Без иронэ, выходцев из Ирана, бывших в Средней Азии когда-то только рабами, невозможно представить себе начала нынешнего века в недавно присоединенных землях Средней Азии. Без татар, привезенных русскими в качестве толмачей и мелких торговцев, начинающих часто с маркитантского промысла, и без иронэ, или, как их теперь называют, ирони, сразу пошедших на службу в младшие полицейские чины и агенты, в те же толмачи и в сборщики податей, нельзя себе представить деятельность царской администрации, ее фискальной службы и карательных органов.
Удивительно мало нынешние этнографы занимаются изучением мелких национальных групп региона. Мешают те «побочные» и «деликатные» соображения, которые и составляют определяющие факторы всех и всяческих национальных отношений. Непредсказуемость в части поведения мелких национальных групп не так и велика, если посмотреть на тех же ирони, которые служили опорой царской власти, но тут же первыми пошли служить власти советской.

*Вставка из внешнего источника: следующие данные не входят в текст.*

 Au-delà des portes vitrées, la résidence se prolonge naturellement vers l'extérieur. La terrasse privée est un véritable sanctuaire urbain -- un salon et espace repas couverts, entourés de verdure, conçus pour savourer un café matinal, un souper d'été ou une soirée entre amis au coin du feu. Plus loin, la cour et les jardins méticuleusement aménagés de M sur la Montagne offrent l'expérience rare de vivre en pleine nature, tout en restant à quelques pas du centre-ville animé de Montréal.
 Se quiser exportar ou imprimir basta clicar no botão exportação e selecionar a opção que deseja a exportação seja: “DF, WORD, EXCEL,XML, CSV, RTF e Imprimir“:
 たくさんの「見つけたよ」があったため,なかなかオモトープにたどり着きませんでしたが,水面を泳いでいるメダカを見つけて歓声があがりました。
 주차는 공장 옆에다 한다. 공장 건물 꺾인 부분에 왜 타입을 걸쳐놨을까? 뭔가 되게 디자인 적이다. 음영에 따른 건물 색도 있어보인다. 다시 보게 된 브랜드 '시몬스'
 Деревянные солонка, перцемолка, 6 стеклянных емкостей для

И в первом и во втором случае это национальное меньшинство не полагалось на симпатии коренного населения, поэтому бежало под руку пришлой власти.

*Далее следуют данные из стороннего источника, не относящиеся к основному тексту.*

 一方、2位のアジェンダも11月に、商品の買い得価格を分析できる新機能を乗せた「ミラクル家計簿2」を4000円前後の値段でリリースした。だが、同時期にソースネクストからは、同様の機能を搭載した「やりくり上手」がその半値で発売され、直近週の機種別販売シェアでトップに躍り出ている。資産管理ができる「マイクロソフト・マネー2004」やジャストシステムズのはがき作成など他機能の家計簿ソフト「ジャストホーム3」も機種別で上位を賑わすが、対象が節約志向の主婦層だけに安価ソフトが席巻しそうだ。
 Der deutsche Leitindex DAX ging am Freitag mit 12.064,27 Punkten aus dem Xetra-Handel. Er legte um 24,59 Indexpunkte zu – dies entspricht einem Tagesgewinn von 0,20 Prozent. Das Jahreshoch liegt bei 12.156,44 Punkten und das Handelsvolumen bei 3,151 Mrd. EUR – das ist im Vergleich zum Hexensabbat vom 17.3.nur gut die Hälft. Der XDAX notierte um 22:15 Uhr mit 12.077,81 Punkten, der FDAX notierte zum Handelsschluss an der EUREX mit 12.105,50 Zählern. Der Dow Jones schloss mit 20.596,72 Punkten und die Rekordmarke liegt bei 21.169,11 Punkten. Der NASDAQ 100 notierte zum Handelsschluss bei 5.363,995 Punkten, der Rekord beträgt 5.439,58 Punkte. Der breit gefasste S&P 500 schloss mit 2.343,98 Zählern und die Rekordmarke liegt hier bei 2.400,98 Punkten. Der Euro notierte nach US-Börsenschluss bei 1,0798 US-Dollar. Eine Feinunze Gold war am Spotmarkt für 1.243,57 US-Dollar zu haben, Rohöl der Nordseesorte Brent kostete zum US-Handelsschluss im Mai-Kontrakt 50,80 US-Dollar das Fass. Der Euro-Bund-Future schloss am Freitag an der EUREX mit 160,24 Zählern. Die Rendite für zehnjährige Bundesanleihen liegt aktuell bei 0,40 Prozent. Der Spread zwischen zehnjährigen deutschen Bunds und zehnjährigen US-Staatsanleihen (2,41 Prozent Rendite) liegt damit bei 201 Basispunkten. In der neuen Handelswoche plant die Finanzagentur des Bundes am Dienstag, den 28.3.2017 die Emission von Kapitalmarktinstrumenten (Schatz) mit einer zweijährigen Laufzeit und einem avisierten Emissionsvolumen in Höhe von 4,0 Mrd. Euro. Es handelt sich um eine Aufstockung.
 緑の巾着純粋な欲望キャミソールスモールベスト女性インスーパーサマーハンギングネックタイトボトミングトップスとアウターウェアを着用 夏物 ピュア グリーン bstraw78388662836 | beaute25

В самом начале революции, в 17, 18 и 19 годах, только незначительная часть узбеков, причем чаще всего из образованного слоя, понимала Октябрь как начало национального освобождения, как путь к равноправию. Для этого надо было если не самого Ленина читать, то хоть переложение его мыслей и полемику с ним.
Капитализм наступал повсюду в России, а его высшая фаза – империализм – на земле моих предков выступал совсем иначе, нежели в Туле, Лодзи, Одессе или Иванове.

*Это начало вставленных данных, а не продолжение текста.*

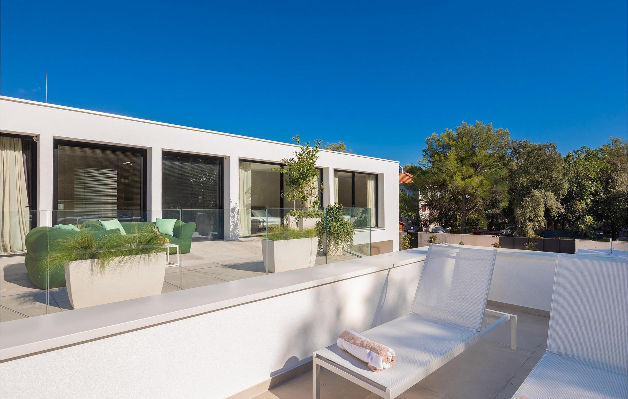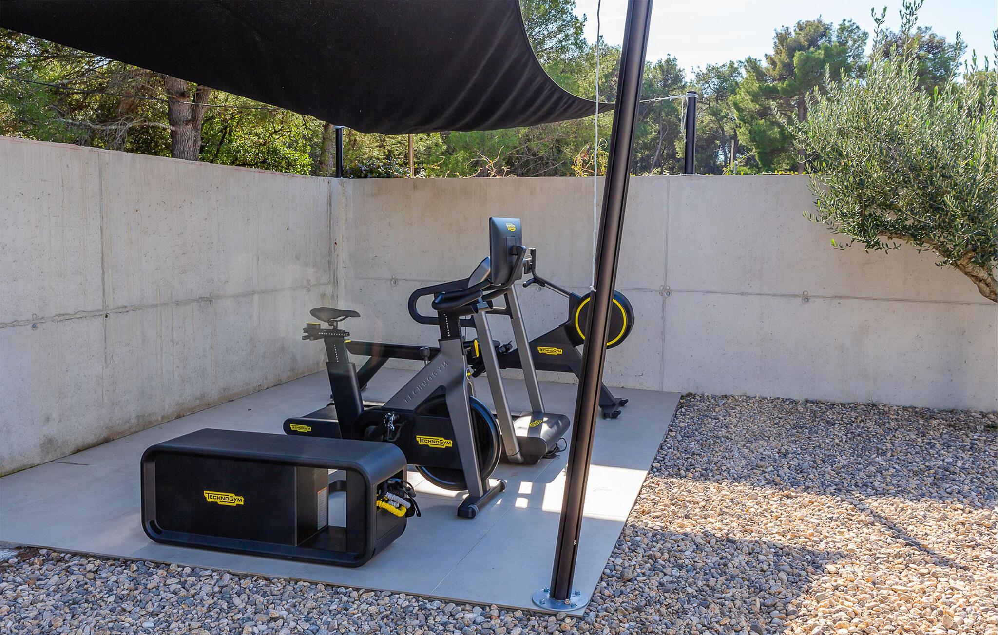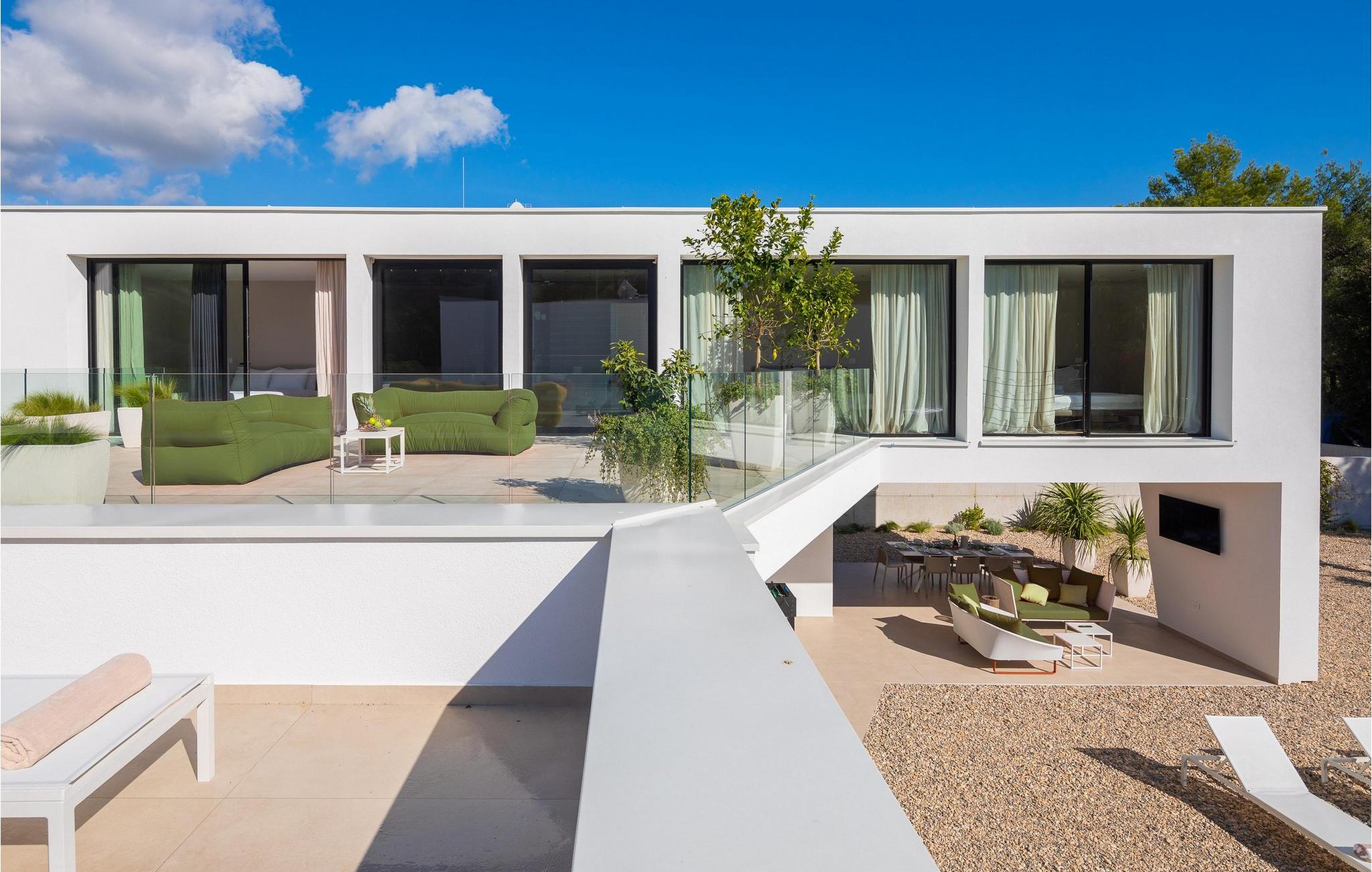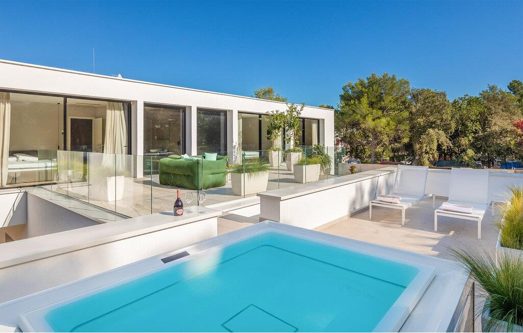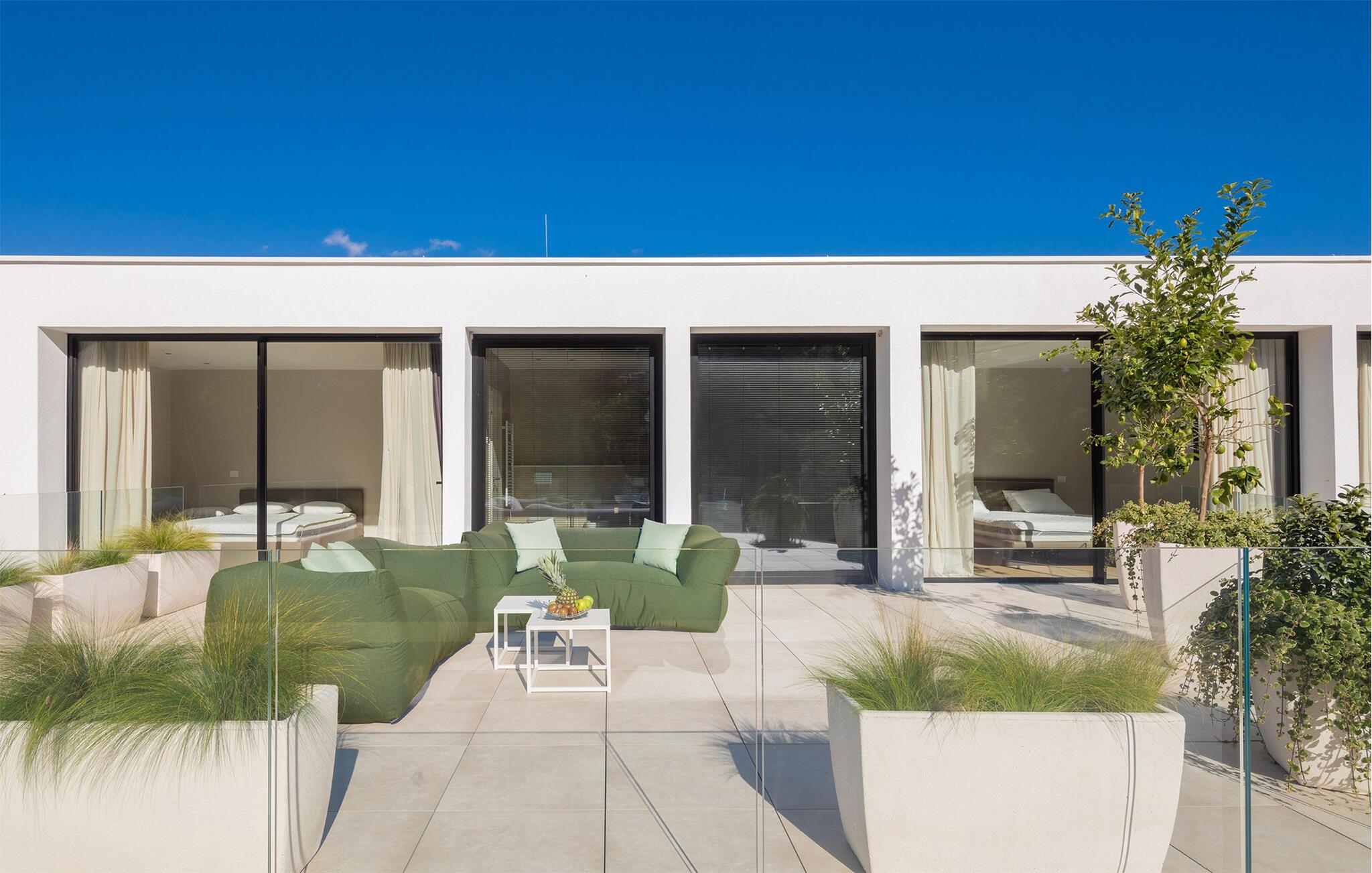 Auch der elegante Außenbereich lässt keine Wünsche offen. Servieren Sie sich Ihr Frühstück auf der schönen Terrasse, erfrischen Sie sich im herrlichen Pool, plaudern Sie bei einem Glas Wein auf bequemen Lounge-Möbeln und nutzen Sie den Fitnessbereich für Ihr Workout. In der Sommerküche können Sie mediterrane Beilagen für stimmungsvolle Grillabende zubereiten, und auf der Terrasse im Obergeschoss lädt ein Whirlpool zu romantischen Momenten bei Sonnenuntergang ein.

Мне лестно думать, говорить и писать, что мулла Абдувахид Абдурауф-коры Кариев был тесно связан с социалистами-революционерами, а еще теснее с социал-демократами, но сомнения гложут меня.
Дело моего деда
Начальник охранного отделения Леонид Антонович Квицинский обращается к начальнику города Ташкента Николаю Николаевичу Караульщикову (странное для меня словосочетание, но оно именно таково) с просьбой: «Имею честь просить Ваше Высокоблагородие исходатайствовать пред Г. Военным Губернатором Сыр-Дарьинской области продление срока ареста до одного месяца задержанных в гор. Ташкенте…» Это датировано одиннадцатым, но еще девятого февраля в качестве свидетеля допрашивается Таджи Иса Мухамедов, занятие – торговля шелковыми товарами в Старом городе.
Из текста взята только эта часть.